Hamlet and civil parish in North Yorkshire, England

Uckerby is a hamlet and civil parish in the county of North Yorkshire, England. It situated at a crossroads on the road between Scorton and Moulton. The hamlet lies 9.2 mi north west of the county town of Northallerton.

==History==
Uckerby first appears on record as Ukerby, in 1198. The place name is derived from two Old Norse elements: the first is thought to be an unattested Old Norse personal name, either *Úkyrri or *Útkári; the second element is býr, meaning farmstead.
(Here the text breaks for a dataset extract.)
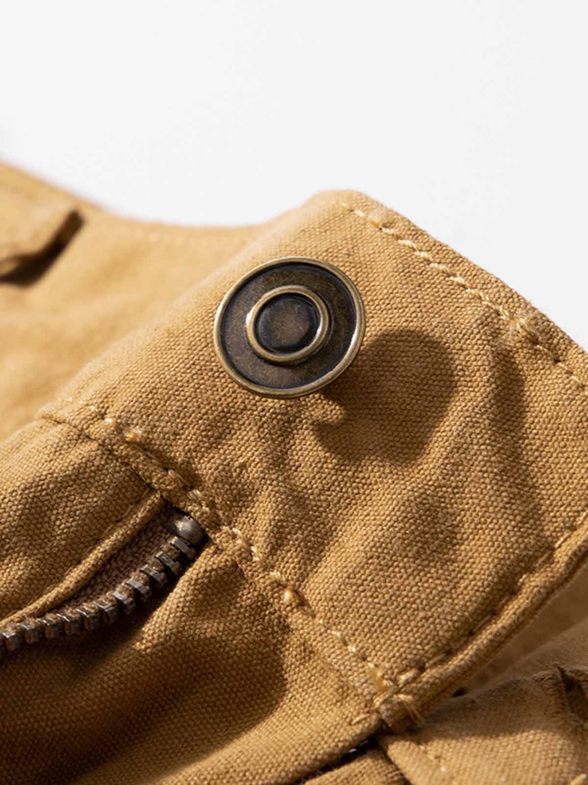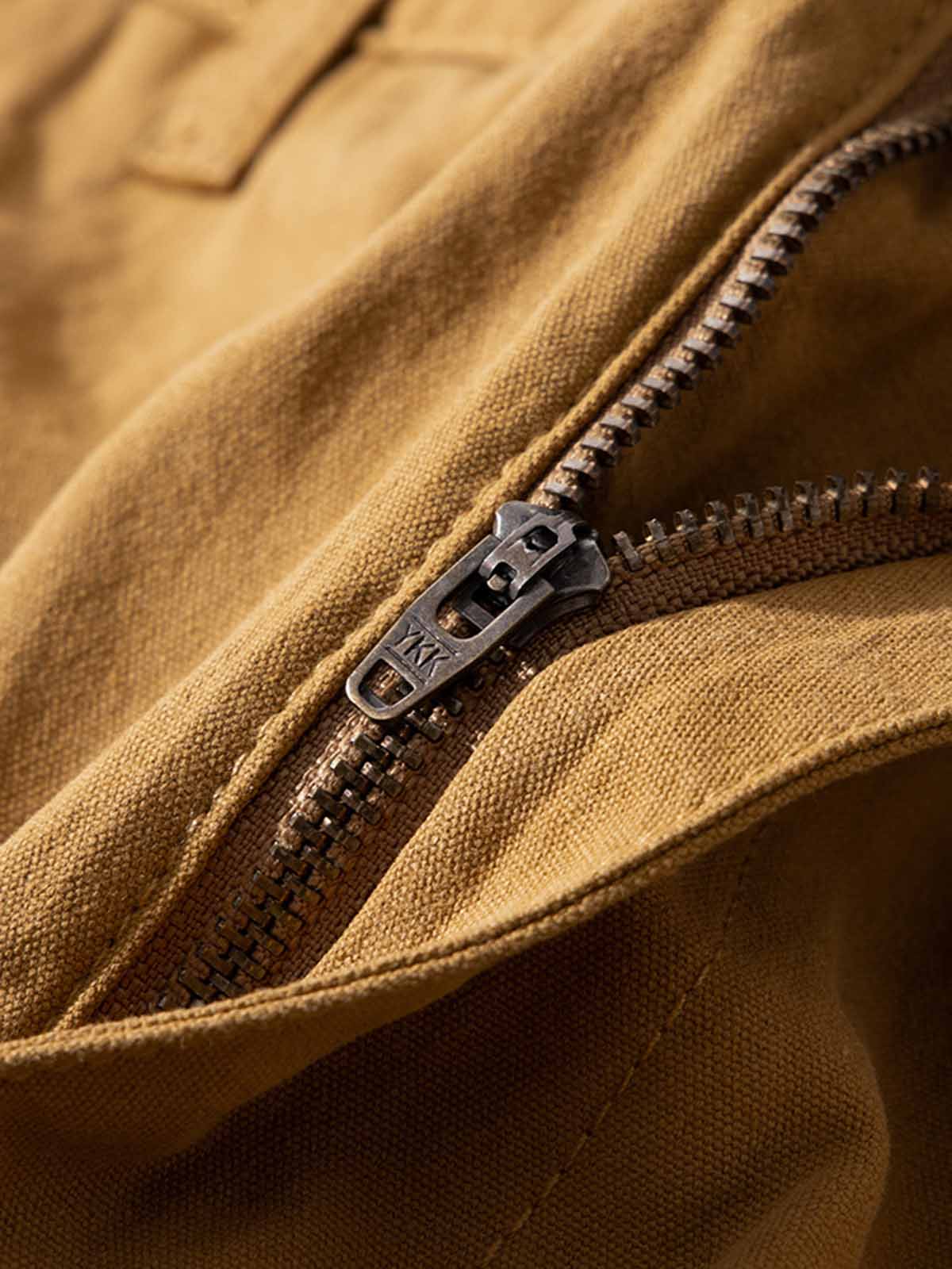 本パンツは、アメリカ鉄道作業員の歴史的遺産に着想を得て、100%綿の頑丈なキャンバス生地を使用し、耐摩耗性と耐久性を実現。多機能ポケットやツール用ハンガーが搭載され、アウトドア登攀や鉄道整備時の収納ニーズに応えます。前面の補強加工と上部の追加ポケットにより、日常や作業時の収納力を強化し、柳釘による加固で全体に硬派な印象を与えます。YKKジッパーとアルミ合金金具がスムーズな動作と堅牢性を保証し、男女兼用の標準シルエットで、シンプルなTシャツやワークジャケットとの相性も抜群。自由でラフなアメリカンヴィンテージアウトドアスタイルを手軽に楽しめる一着です。

The hamlet was once part of the parish of Catterick, but was included in the Bolton-on-Swale parish in the late nineteenth century. In the 13th century the land was held as part of the FitzAlan fee of the manor of Catterick, with the tenants having the same name as the hamlet. The manor had passed to Andrew de Harcla, Earl of Carlisle by the start of the next century, but had to be forfeited when he was defeated in the rebellion against Edward II. The manor then became the possession of the Scrope family of Bolton and followed the descent of the manor of Ellerton-on-Swale until its sale around 1734 to Henry Foster. It was briefly held by James Riddell and his son from 1777 to around 1872 before being bought once again by the lord of the manor of Ellerton-on-Swale.

==Governance==
The hamlet lies within the Richmond UK Parliament constituency. From 1974 to 2023 it was part of the district of Richmondshire, it is now administered by the unitary North Yorkshire Council.

==Geography==
The hamlet lies 9.2 mi north west of the county town of Northallerton. The parish is sandwiched between those of Moulton and Scorton. Ings Beck and Moulton Beck form a confluence to the east of the hamlet called Uckerby Beck, which eventually flow to the River Swale.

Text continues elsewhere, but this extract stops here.